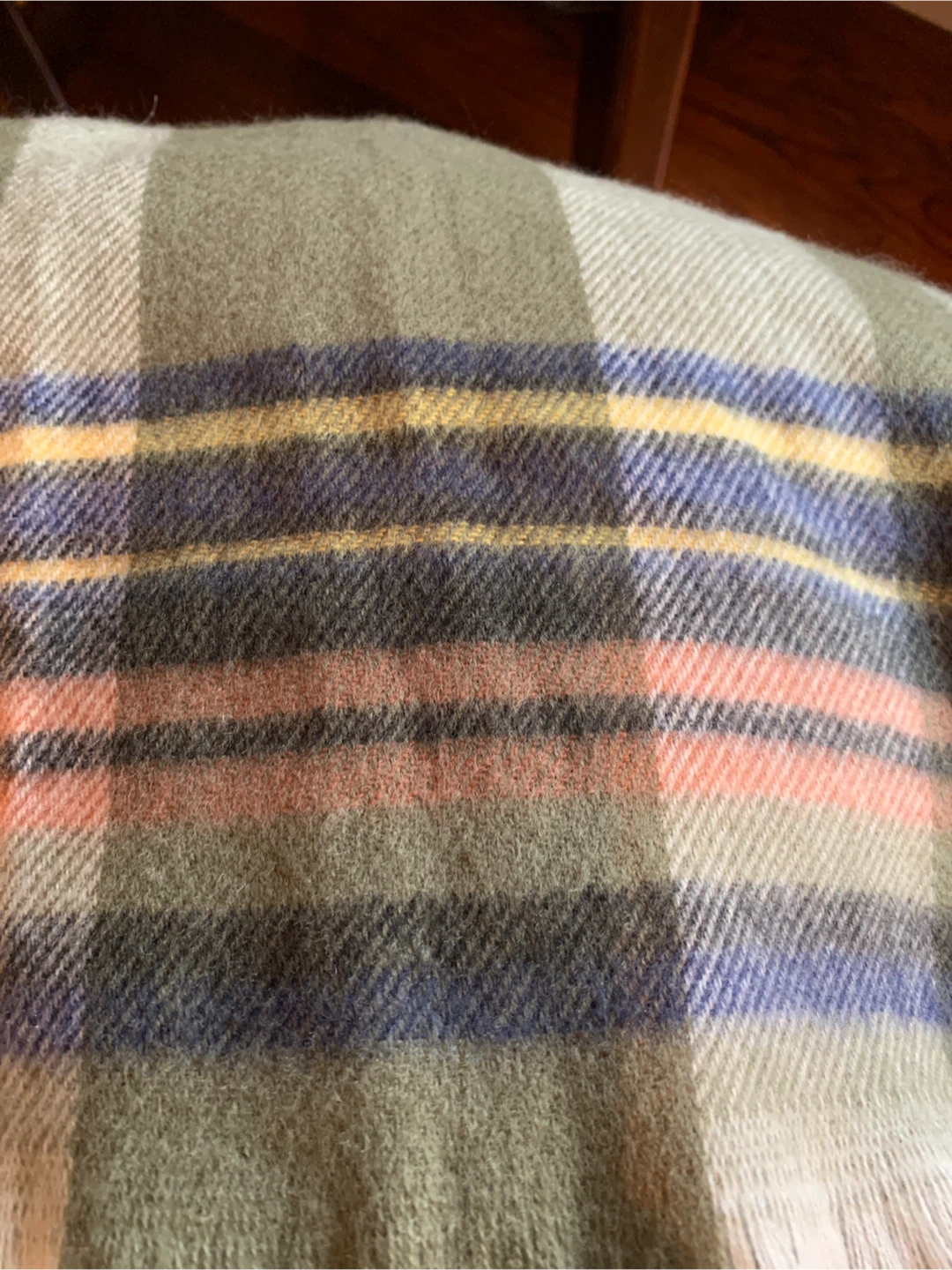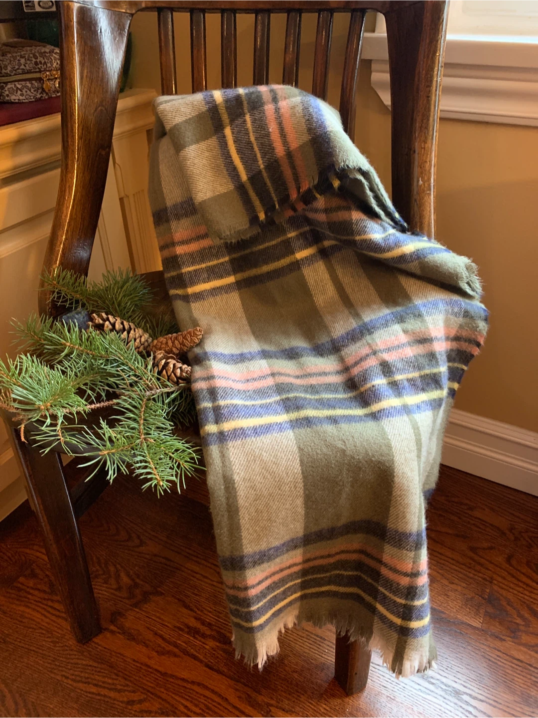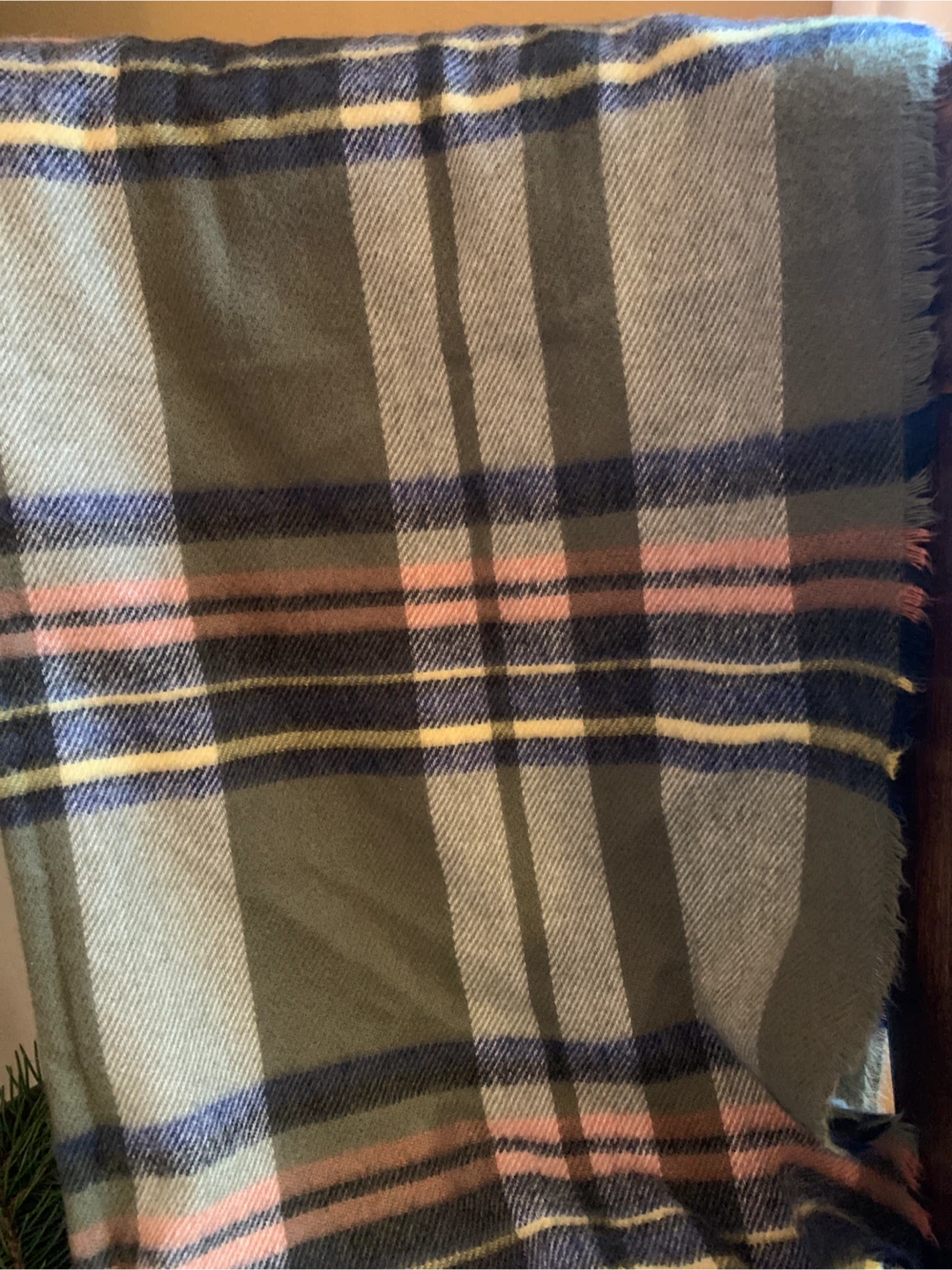 It features a lovely plaid pattern with olive green, navy blue, yellow, and pink colours. It’s giving Ralph Lauren vibes! It is in excellent condition and is made of recycled poly which is so soft. Perfect for adding a touch of warmth and style to you on a cold day!
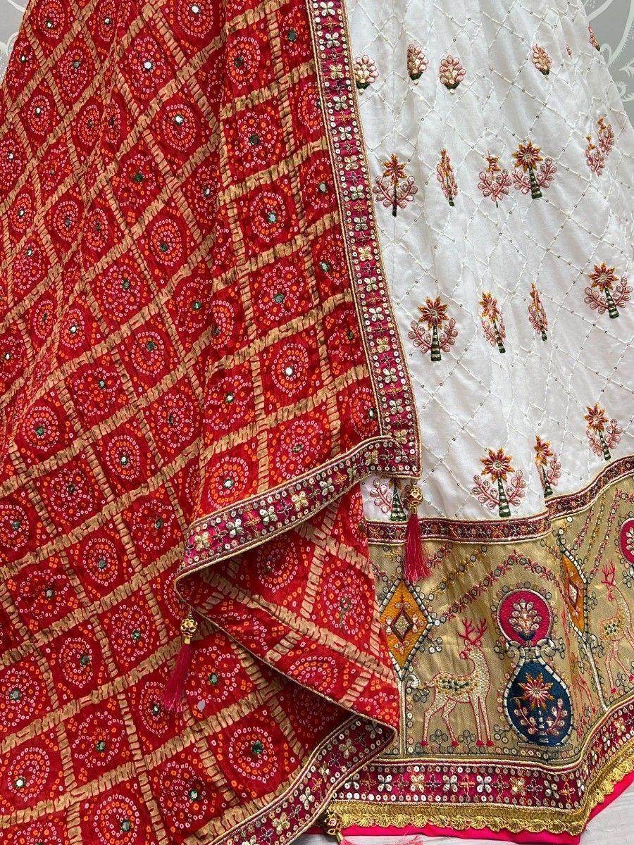 The set includes a matching color gadhawal silk choli, also embellished with fancy embroidered work, sequin work, zari work, and zircon work. To complete the look, it comes with a stunning red chiffon dupatta adorned with bandhani print work, paper mirror work, and a fancy lace border.
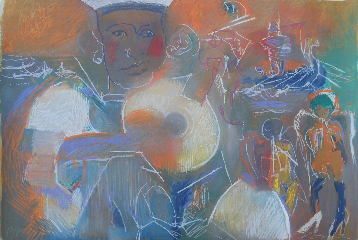 Born in Lisbon, Portugal in 1926, Júlio Pomar is one of the greatest Portuguese artists of the twentieth century. His work features a wide variety of styles, which include design, printmaking, sculpture, illustrations, ceramics, tapestries, theatre design, as well as essays and poetry about painting, all of which strongly demonstrate Pomar’s talents and his tireless effort in pursuing and exploring the arts.

Task to complete: Please retype the material in full, exactly as it reads, apart from the images.

Exercise result:
 It features a lovely plaid pattern with olive green, navy blue, yellow, and pink colours. It’s giving Ralph Lauren vibes! It is in excellent condition and is made of recycled poly which is so soft. Perfect for adding a touch of warmth and style to you on a cold day!
 The set includes a matching color gadhawal silk choli, also embellished with fancy embroidered work, sequin work, zari work, and zircon work. To complete the look, it comes with a stunning red chiffon dupatta adorned with bandhani print work, paper mirror work, and a fancy lace border.
 Born in Lisbon, Portugal in 1926, Júlio Pomar is one of the greatest Portuguese artists of the twentieth century. His work features a wide variety of styles, which include design, printmaking, sculpture, illustrations, ceramics, tapestries, theatre design, as well as essays and poetry about painting, all of which strongly demonstrate Pomar’s talents and his tireless effort in pursuing and exploring the arts.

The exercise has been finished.